Credit: X-ray: NASA/CXC/Univ. of Maryland/A.S. Wilson et al.; Optical: Pal.Obs. DSS; IR: NASA/JPL-Caltech; VLA: NRAO/AUI/NSF
SYDNEY: Extremely accurate measurements of ‘megamasers’ – powerful natural amplifiers of radio waves that operate similar to the way lasers amplify light – will extend the cosmic distance scale and help astronomers understand the nature of dark energy.
Masers (an acronym for Microwave Amplification by Stimulated Emission of Radiation) are sources that amplify or generate microwaves. They phenomenon occurs naturally in molecular clouds, stellar or planetary atmospheres and the accretion disk where matter falls into black holes.
The Megamaser Cosmology Project is an ambitious new attempt to measure the distance to masers in far-off galaxies. Astrophysicist James Braatz, from the U.S. National Radio Astronomy Observatory in Charlottesville, Virginia, reported on how the project is progressing at a meeting of the American Astronomical Society in Pasadena, California on Tuesday.
Cosmic distance scale
Braatz and his team have measured the angular distance and thickness of a disk of material orbiting a black hole in the centre of UGC 3789, a galaxy about 160 million light-years away.
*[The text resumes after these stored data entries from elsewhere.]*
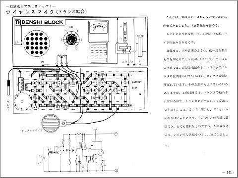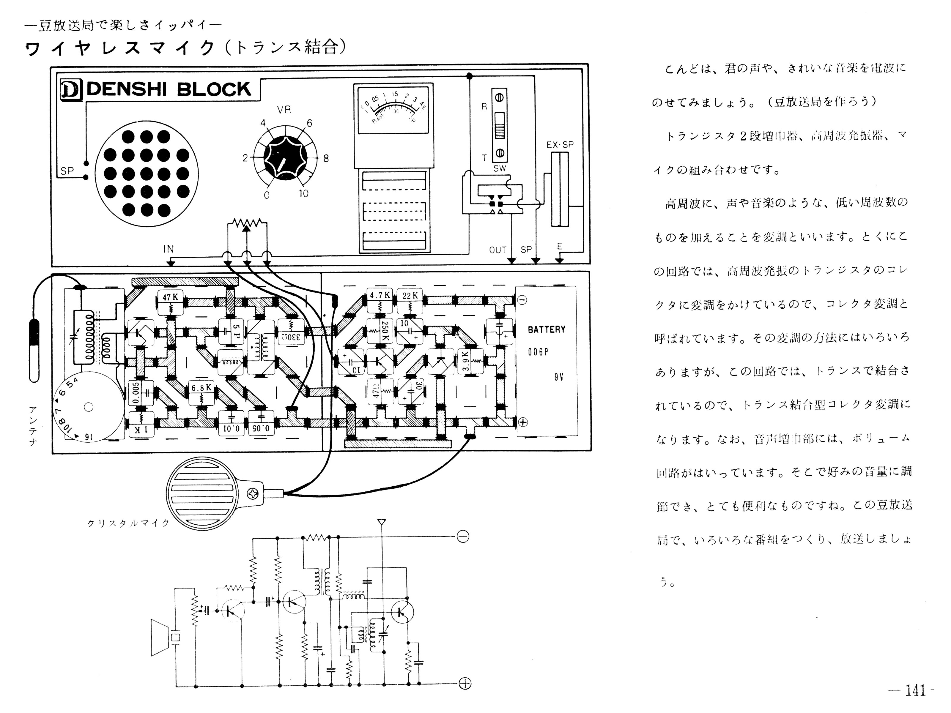 バリエーションを加えて合計9例紹介されています。 今回試すこの回路はクリスタルマイクの音声信号をトランジスタで2段増幅し、 発振・変調トランジスタのコレクタに入ったトランスに入れて変調をかけています。 |
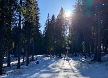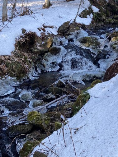 Unsere Tour beginnt am Parkplatz des Wasenlifts in Muggenbrunn. Von dort aus steigen wir gemächlich in den winterlichen Wald auf und genießen den plätschernden Bach, der teilweis gefroren ist. An der zweiten Weggabelung nehmen den rechten Pfad weiter am Trudelsbach entlang durch die verschneite Winterlandschaft.
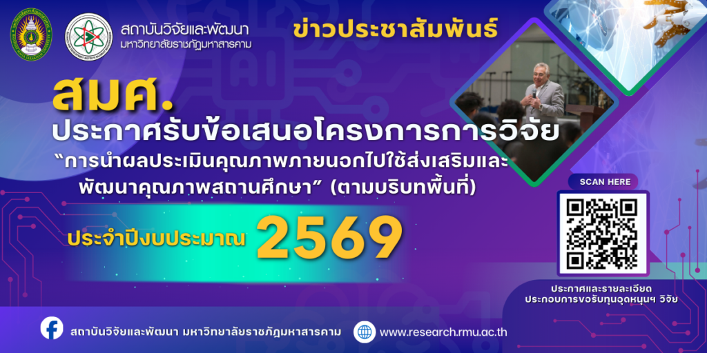 ขอเชิญชวนคณาจารย์และนักวิจัยที่สนใจ ส่งข้อเสนอโครงการวิจัย เพื่อขอรับการให้ทุนอุดหนุนการวิจัย “การนำผลประเมินคุณภาพภายนอกไปใช้เพื่อส่งเสริมและพัฒนาคุณภาพการศึกษา”(ตามบริบทพื้นที่) เพื่อส่งเสริมให้นักวิจัยพัฒนาองค์ความรู้ นวัตกรรมหรือรูปแบบการพัฒนา ที่สามารถนำผลการประเมินไปใช้แก้ไขปัญหาและยกระดับคุณภาพสถานศึกษาได้อย่างตรงจุด โดยมุ่งหวังให้เกิดผลลัพธ์เชิงประจักษ์ที่ส่งผลต่อการยกระดับคุณภาพการศึกษาทั้งระดับพื้นที่ระดับประเทศ
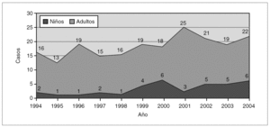 Figura 1. Incidencia de casos registrados entre niños y adultos con infección periamigdalina en los últimos 11 años.
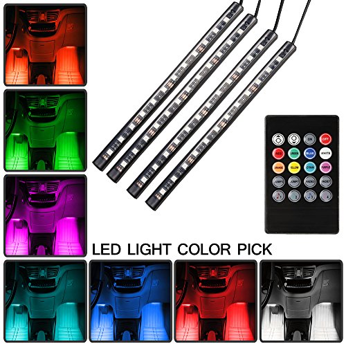 Car LED Strip Lights, Top Notch 4 Pieces Multi-Color Car RGB LED Light Strip Under Dash Lighting Kit Music Car Interior Decorative Accent Lights w/ Sound Active Function Remote Control, DC 12V

So-called water masers in the disk amplify the radio waves from matter falling into the black hole. The radio waves were measured using the National Science Foundation’s Very Long Baseline Array and Robert C. Byrd Green Bank Telescope, as well as the Effelsberg Radio Telescope of the Max Planck Institute for Radioastronomy in Germany.
The result will extend the cosmic distance scale – the way we accurately measure distances across the universe – currently based on so-called ‘standard candles’ in astronomy, such as Type Ia supernova or Cepheid variable stars.
Hubble constant
“Measuring precise distances is one of the oldest problems in astronomy, and applying a relatively new radio-astronomy technique to this old problem is vital to solving one of the greatest challenges of 21st century astrophysics,” said Mark Reid a team member at the Harvard-Smithsonian Centre for Astrophysics in Boston, Massachusetts.
Though it will require the measurement of many more galaxies using the maser method, the project also aims to come up with an independent and very accurate value for the Hubble constant.
First discovered by Edwin Hubble in the 1920s, the Hubble constant indicates the rate at which the universe is expanding.
Hubble put the value of the expansion rate at 500 kilometers/second/megaparsec (a megaparsec is equal to about 3.26 million light years); current estimates put the value at 74.2 km/sec/Mpc, give or take 3.6 km/sec/Mpc.